Wednesday, September 29, 2004

Though D-Day was good, too:

Today (now yesterday) my first piece for BlackBook Magazine hit the stands. It's short, but they didn't alter a word. Eight months after I first pitched them, it's fun to hold the tangible results. (I'm reviewing The Long Winters' upcoming disc for BB's Dec/Jan issue, too. Yea!) Also, the new issue contains the winners of their "Hemingway Challenge Contest", wherein readers were asked to submit six-word stories inspired by Hemingway's renowned, "For sale: baby shoes, never used." I didn't know until this evening that I had made the cut ("We removed the wrong eye. Braille?") as did two members of my beloved and freakishly talented writing group. Bono graces the cover--literally--and Tony Bennett's version of "New York State of Mind" piped over the speakers as I paid at the newsstand.

This is, quite possibly, the best day of all time.

Thursday, September 23, 2004

Damn it, I'll go over your head if I have to:

How cool would it be if "E.R." had some kind of internal power struggle that manifested itself in the operating room? Then someone could yell something like, "You just exposed this entire hospital to a lawsuit in there!" Then two staff members could have joyless sex . Really, they should look into that.

Monday, September 20, 2004

Of course, I would be The Godmother:

My parents and I went to lunch today at Niko's in Seattle's Magnolia Village. I had a mouth full of souvlaki when a woman approached our table and asked me, "Excuse me, but were you on a blind date about six weeks ago at The Still Life in Fremont? You and a guy were sitting at a table outside?"

"Um, yes. That was me," I replied, a bit startled.

"My friend and I were sitting at the table next to you and I want you to know we felt awful for you. That guy was a jerk. We talked about it after you left. You were all dressed up and funny and asking him questions and he was boring and rude and *then he didn't even pay.* We were mad on your behalf," she explained, genuinely fired up.

"Thanks," I replied. "It's nice to have it coroborated. He was an asshole and I can't understand why he kept emailing me saying he wanted to meet me, because when I got there he made no effort."

"I know," she continued. "He complained about *everything*. Like how his company sent him to London and he hated it? Who hates London?"

"Exactly! And what about when he said he hates New York?"

"That's when I knew he was sunk.
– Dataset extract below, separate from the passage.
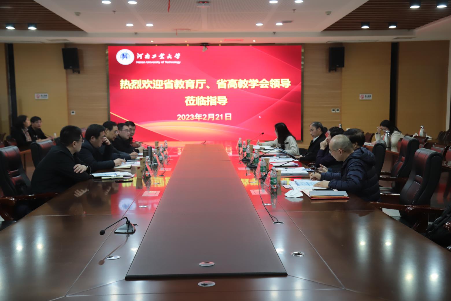 2月21日,省教育厅高教处处长张水潮、省高教学会秘书长吴长运一行4人到黑料不打烊 调研产教融合工作。黑料不打烊 党委书记刘志军、副校长曹健、副校长李焕锋出席座谈会,学校相关职能部门、黑料不打烊 负责人参加了此次调研会议。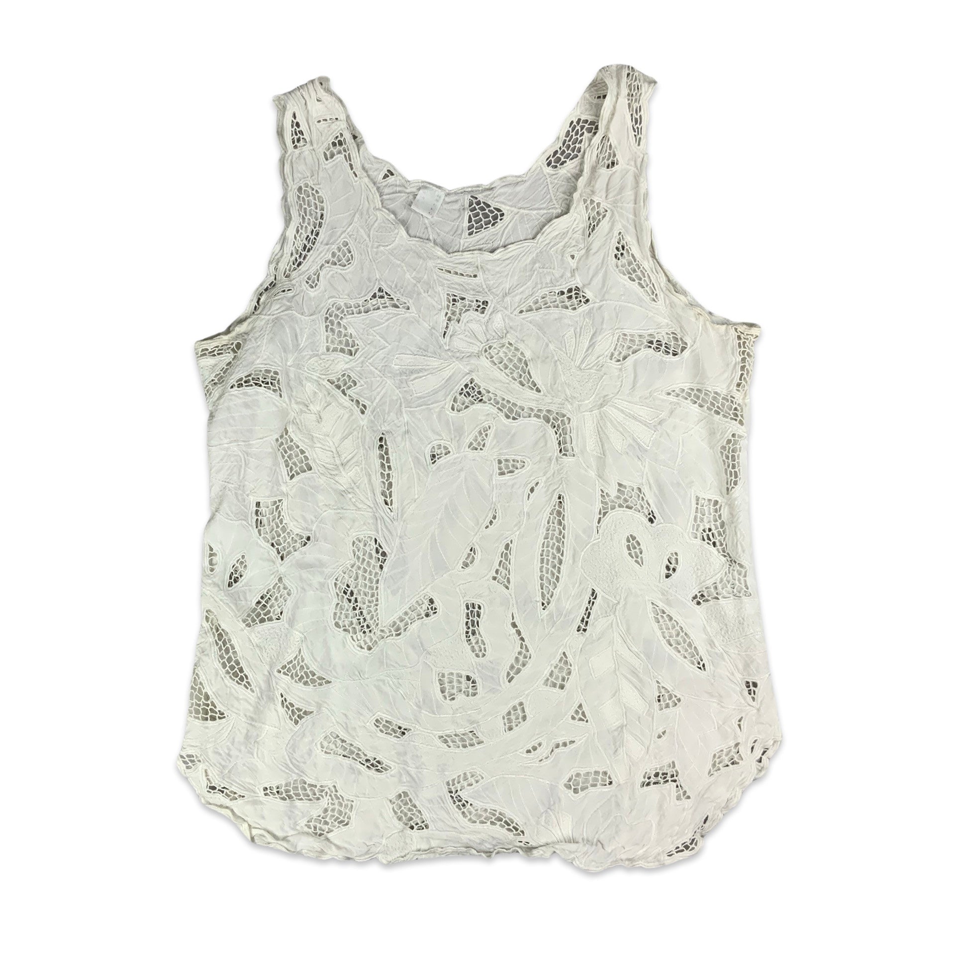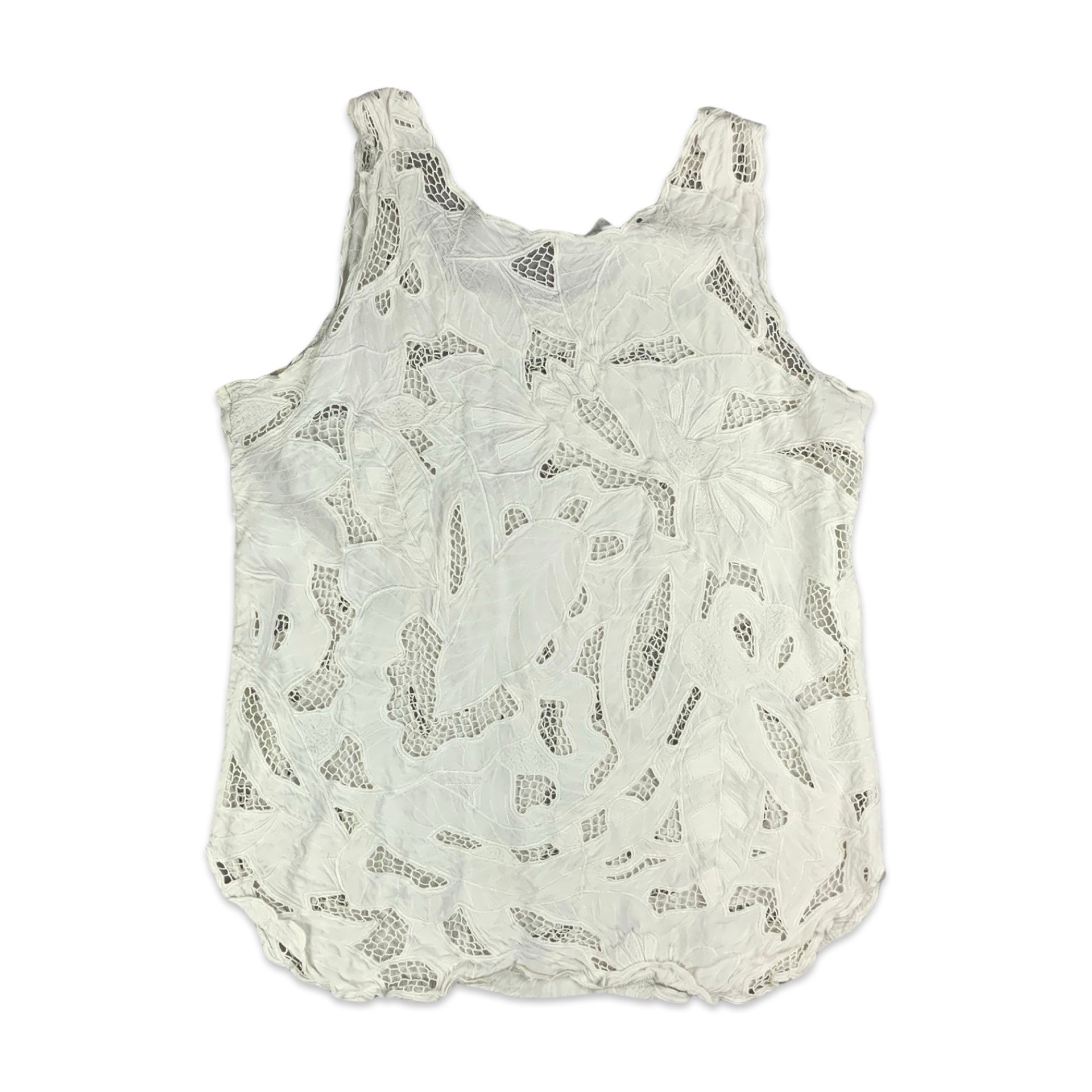 Women’s vintage vest top. White fabric with floral embroidery and net cut outs.

Why would you go out with a writer and then say you hate New York? What's wrong with him? I hope you don't think we were eavesdropping, but the tables are so close at The Still Life that we heard everything. By the way, my name is Renee."

"Hey, Renee. I'm Litsa." We shook hands.

"She told me she thought the women at the next table caught on and were sympathetic," Mom said. "Remember, honey? The biotech researcher I told you about who made her pay for her own coffee?" she asked my dad.

"I said it then and I'll say it now: she should have poured it in his lap," Dad added matter-of-factly.

"Guys like that are the worst," the woman at the next table chimed in.

"I know," Renee and I responded simultaneously.

Renee had to get going, but I thanked her for her input and for objectively verifying my take on a crappy evening. The woman at the next table smiled at both of us and returned to her book.

Lately, I've been thinking that there needs to be a Girl Mafia. We wouldn't kill anyone--or even permanently injure them--but, when called, we would burst in and kick dickwad guys in the shins. So they learned a lesson. Behavior modification, as it were.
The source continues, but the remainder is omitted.